=== Supplied records ===

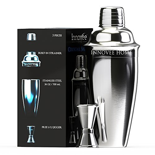 That’s why you need the Innovee Home Stainless Steel Cocktail Shaker. Featuring a built-in strainer, a 24 ounce shaker and a 1 & ½ oz jigger, this cocktail shaker set is just what you need to produce drinks your guests will love.
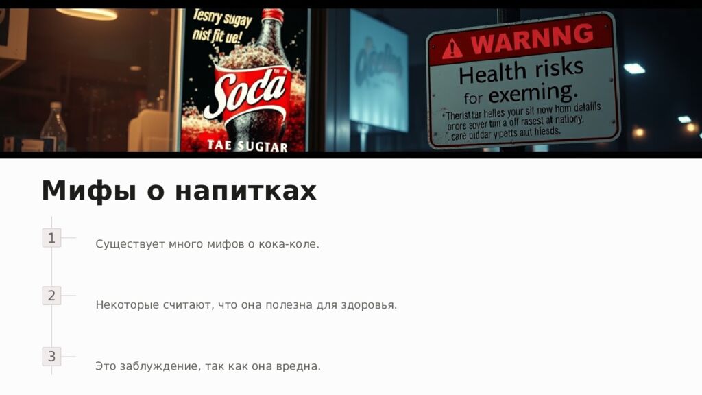 Мифы о напитках 1 2 3 Существует много мифов о кока-коле. Некоторые считают, что она полезна для здоровья. Это заблуждение, так как она вредна.
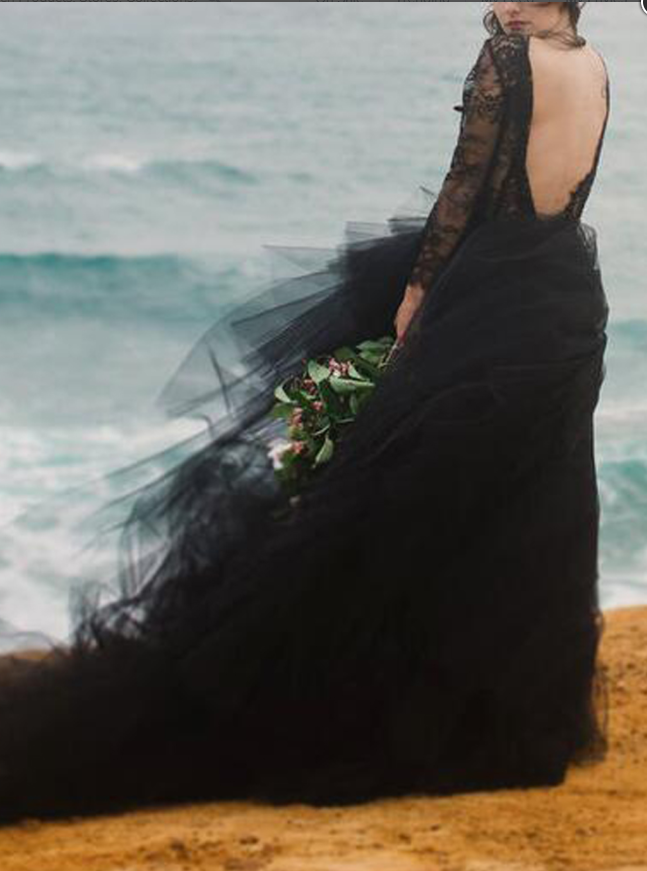 Beauty Long Sleeve Black Wedding Dresses,Lace Wedding Dresses
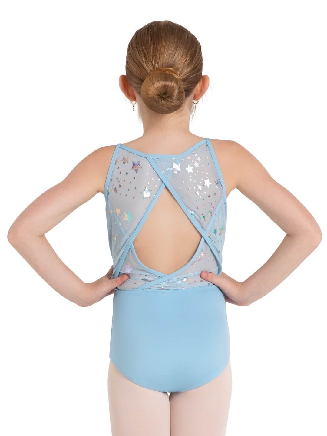 Blast into the spotlight in the Astro Diamond Back Leotard! Made from a soft polyester and spandex blend, this leotard offers a perfect balance of stretch and durability. The camisole design features a diamond back with a crisscross detail that will make every little dancer feel like a shooting star. Dyed-to-match front mesh yoke features a fun star pattern in Lavender, Light Blue, and Pink, while Black boasts a solid mesh for a classic and timeless look. Fully front-lined in all shades, ensuring full coverage and comfort during any class or performance.
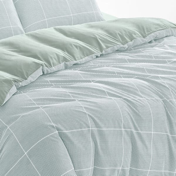 מערכת מצעים יוקרתית עשויה 100% בד אל קמט בדוגמת משבצות קטנות.
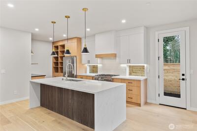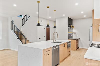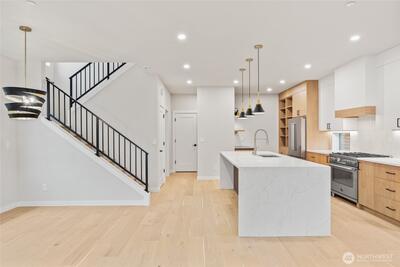Google Maps 12426 NE 90th St Kirkland for correct home address- Tucked into a lively North Rose Hill neighborhood, Greencity presents the ISLA, a boutique collection of four modern cottages designed for easy, comfortable living. This 3 bed, 2.5 bath home opens to bright, connected living spaces centered around a statement waterfall island, custom cabinetry with glass cabinet doors, quartz counters, Bertazzoni appliances, a beverage fridge, and a fireplace that anchors the room. Year-round comfort comes from efficient ductless heating and cooling throughout the home, while a convenient powder room on the main floor makes entertaining easy. Upstairs, the vaulted primary suite feels airy and private, featuring a generous walk-in closet and a spa-inspired five-piece bath. A dedicated laundry room keeps everyday living organized. Each residence includes a garage plus an additional dedicated parking space beside the home. Minutes from downtown Kirkland’s waterfront, parks, shopping, and di
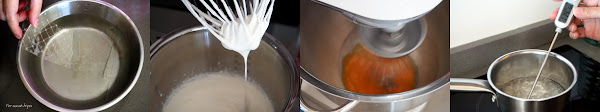 Preparar un almíbar con 50 g de azúcar y 50 g de agua, calentándolos al fuego hasta que alcance una temperatura de 114º (punto de bola). Retirar del fuego y verter, muy poco a poco, sobre las yemas de huevo con las varillas en marcha y a velocidad media, para que el almíbar se mezcle con las yemas pero sin cocerlas. Seguir batiendo a velocidad alta hasta enfriar del todo, hay que conseguir una crema espumosa y de color pálido.
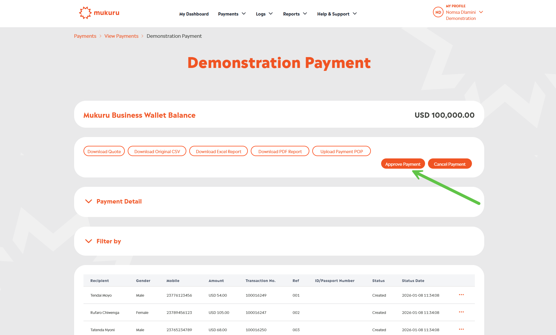 Please note that Mukuru does not take payment for transactions in a Paused status. If you Approve Payment for a payment with one or more Paused transactions, the amount deducted will exclude the amount(s) for the Paused transaction(s). You will only be able to Approve Payment for these transactions after the transactions have been whitelisted. Once Enterprise Support informs you that the investigation was concluded, and the transaction is whitelisted you can click on the Approve Payment button again, this will only deduct the funds for transactions that are in a Created status, i.e. the transactions that were whitelisted.
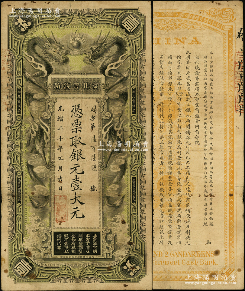 光绪三十年(1904年)湖北官钱局银元壹大元,趣味号码“碣字第666号”,背印湖广总督张之洞、湖北巡抚端方之告示,少见,原票七五成新

===

▶ **About this exercise**
The expected output is an exact retyping of the lines from the line with "Please note that" through the last line of the data, with both ends kept and the pictures dropped.

▶ **Completed task**
 Please note that Mukuru does not take payment for transactions in a Paused status. If you Approve Payment for a payment with one or more Paused transactions, the amount deducted will exclude the amount(s) for the Paused transaction(s). You will only be able to Approve Payment for these transactions after the transactions have been whitelisted. Once Enterprise Support informs you that the investigation was concluded, and the transaction is whitelisted you can click on the Approve Payment button again, this will only deduct the funds for transactions that are in a Created status, i.e. the transactions that were whitelisted.
 光绪三十年(1904年)湖北官钱局银元壹大元,趣味号码“碣字第666号”,背印湖广总督张之洞、湖北巡抚端方之告示,少见,原票七五成新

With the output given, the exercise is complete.